AI 的文理雙全：整合 RAG 與 Judge0，強制輸出結構化 JSON

2025 iThome 鐵人賽

DAY 14

Modern Web

前端工程師的AI應用開發實戰：30天從Prompt到Production - 以打造AI前端面試官為例系列第 14 篇

17th鐵人賽 next.js gemini

windate3411

2025-09-28 23:15:04

153 瀏覽

分享至

前言

歡迎來到第二週的收尾～！再次強調，如果你有感受到這兩天的文章變水了，就跟水屬性的魔法師第11集一樣水，那你的感受是完全正確的！家族內的事情讓我實在很難抽出完整的時間寫文章，預計到Day15時我才會稍稍恢復自由之身，我會在那之後回顧一下這幾天的文章並加以完善，暫時還請你們稍微忍耐一下，感謝！

昨天我們成功的透過 Judge0 標準的流程建立了一套基本的程式碼評估系統，我們能正確地將使用者寫的程式碼提交並拿到執行後的結果，這麼一來，程式實作的題目現在我們也能至少處理最基本的演算法問題了！（前端相關的問題例如React或 Css實作則目前的設計還沒有能力處理，這會一路到第四週才作為挑戰題攻克），配合上之前 Supabase 實作的 RAG 系統，概念問題我們也能有著很不錯的回覆！最關鍵的兩大拼圖目前都已經在我們手上了，剩下的就是將拼圖拼到我們現有的框架中了，但在我們準備將兩者結合時，我們共同發現了一個至關重要的設計細節：並非所有題目都需要同時動用這兩大利器，兩者在評估正確性的部分時仰賴的是完全不同的系統，因此在將素材交給 AI 時我們需要下點工夫，免得拿水果刀切豬肉！

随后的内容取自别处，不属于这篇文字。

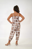 One piece jumpsuit with adjustable spaghetti straps, stretchy waistband, pockets, and tapered at ankle.Made of extra soft bamboo cotton.
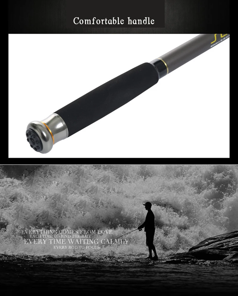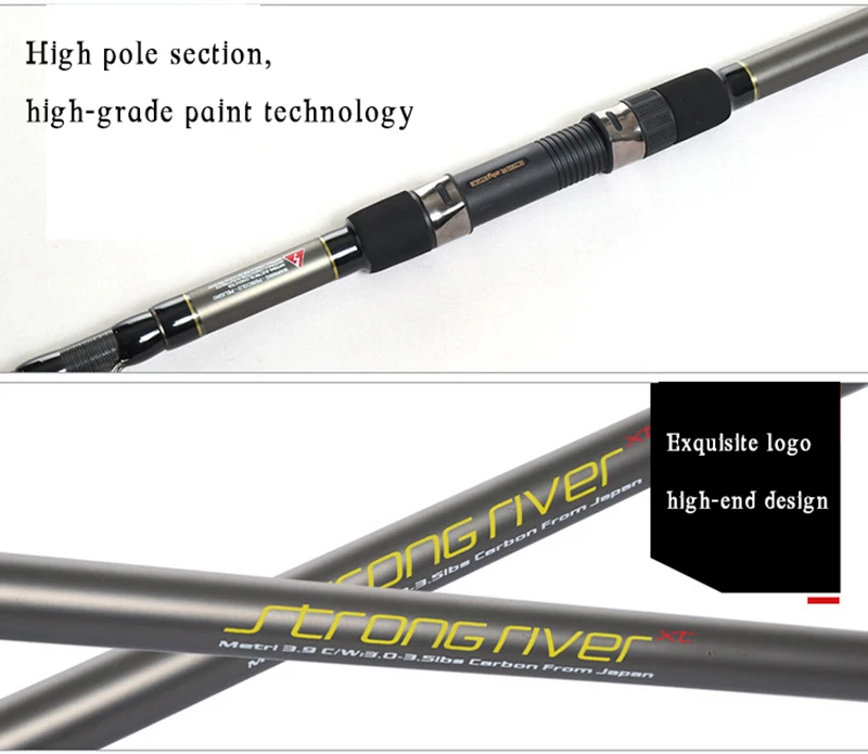 Longitud de la varilla: 2,4/2.7/3.0/3.3/3.6/3.9/4.2/4.5/5.4M Material: fibra pura de alto carbonoGuía superior dentro del diámetro.:6,8 mmLongitud del asiento del carrete hasta el extremo de la cubierta: unos 45 cmpeso del señuelo:2,4 m ----10-150 g2,7 m/3,0 m/3,3 m --- - 20--180 g3,6 m/3,9 m---30---230 g4,2 m/4,5 m/5,4 m---40-280 gArrastre de la piel:2,4 M --- 3 kg2,7/3,0 M ----4 kg3,3/3,6/3,9/4,2/4.5/5,4 M --- 5,0 kgEmbalaje: tubería XPG resistente

今天，我們就要來建立這個智慧系統的「大腦」——一個總指揮 API。它會懂得判斷題型，並為不同類型的問題指派最合適的評估工具。最終，它會命令 AI 將所有分析結果，彙整成一份穩定、可靠的結構化 JSON 報告，為我們的應用程式打下最堅實的資料基礎。

今日目標

確立設計模式：根據題型，「專才專用」地調度 RAG 或 Judge0。
設計統一的 JSON Schema：定義一個能靈活適應兩種題型的回饋結構。
打造兩套專業 Prompt：分別為「概念題」和「實作題」量身定做劇本。
啟用 SDK 的 JSON 模式：學習使用 @google/genai 的內建功能，確保 AI 回傳語法正確的 JSON。
建立總指揮 API：實作 /api/interview/evaluate，完成整個評估流程的自動化調度。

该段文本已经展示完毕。